Tuesday, November 13, 2007

Top 10 Most Common Passwords

From the first time we going online to internet until offline, every aspects of security is depending on passwords. Opening your email, using PayPal, shopping on eBay, using the ATM, home security is using passwords to secure it. We surely once in a while receiving news about security theft, fraud and phising sites and yet after some sample of passwords (primarily from the UK), it might be a good time to change your current passwords to a more secure one.

10. 'thomas' (0.99‰)

Using name as password (actually this is the 2nd most popular in 2000 in UK) is no surprise. That means nearly 1 in 1,000 people use this as their password.

9. 'arsenal' (1.11‰)

Soccer teams name are another favorite to choose as a password.

8. 'monkey' (1.33‰)

Still can not understand why these 6-letter words are among the top 10 list. There are lots of animals out there and why this entire people choose this one. Is monkey easier to memorize?

7. 'charlie' (1.39‰)

Another common name in UK and more popular than thomas.

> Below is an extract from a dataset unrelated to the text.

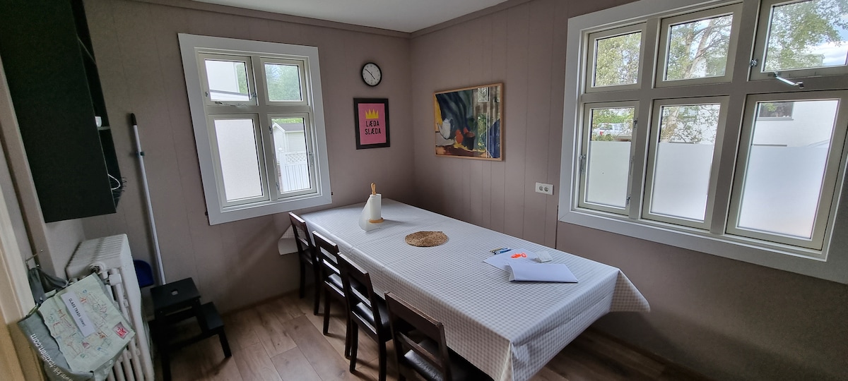 「Smiðjan」鍛冶屋は、元の美しさと快適さを重視して愛情を込めて修復されました。小さな工業地帯の端に位置しており、隣人を気にせず、完全なプライバシーを楽しむことができます。 大きな屋根裏の窓は、オーロラと素晴らしい景色を眺めるのに最適な場所です。Smiðjanは、北部の小さな漁村Dalvíkの海岸にあるほぼ100年の歴史を持つ家で、壮大な山々と谷の景色を眺めることができ、ハイキングはすぐ近くで楽しめます。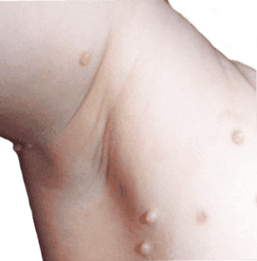 Födelsemärken: Upphöjda pigmentfläckar som ibland liknar mollusker men oftare är bruna eller svarta.

Or maybe they were referring to its slang meaning.

6. 'qwerty' (1.41‰)

Maybe the reason why 1 in 700 people choose this 'qwerty' because this is the easiest letter they can find in the keyboard.

5. '123456' (1.63‰)

Of course they type it until 6 only because that is the most common minimum required length of password.

4. 'letmein' (1.76‰)

Still wonder why this 'letmein' can be so popular.

3. 'liverpool' (1.82‰)

On of the most popular soccer team in UK. This means that 1 in 550 people are such big fans of Liverpool.

2. 'password' (3.780‰)

Almost 1 in 250 people choosing the word 'password' for some reason, maybe the easiest way to remember it.

1. '123' (3.784‰)

With nearly 4 people in 1,000 this simple number maybe the first thing they could easily think of.


Source : Top 10 Most Common Passwords by Stuart Brown

3 comments:

Anonymous said...

Good advice to change your password but as you pointed out, the problem is that strong passwords are VERY hard to remember. Any secure alternative must be easy or people just won't use it.

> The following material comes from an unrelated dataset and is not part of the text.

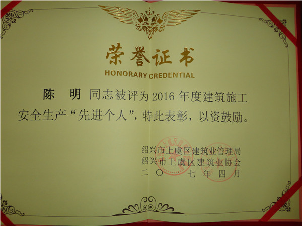 中工网讯 4月21日,在上虞区施工质量安全工作会议上,中建二局上海公司上虞万达广场项目荣获上虞区2016年度建筑施工安全生产“先进项目部”称号,同时授予上虞万达广场项目安全总监陈明同志建筑施工安全生产“先进个人”称号。 据悉,项目在2016年度积极配合上虞区建筑业管理局和上虞区建筑业协会的安全生产工作,特别在护航G20杭州峰会期间,顾全大局,出色地完成了各项护航任务。(张中杰)

The solution is to use a password manager. All that is, is a sort of secure organizer that lets you store all those impossible to remember (but strong) passwords. So nothing t remember, and you just look up what you need, when you need. And it's safe.

Here's an article on our blog (its product blog, be forewarned):

Why you must use a password manager.

I hope that helps.
Cheers,
Tara

angin-berbisik said...

wah untung password2ku ga termasuk di dalam Top 10 Most Common Passwords...

Anonymous said...

I always use apocope, numeric, & symbols, as a password.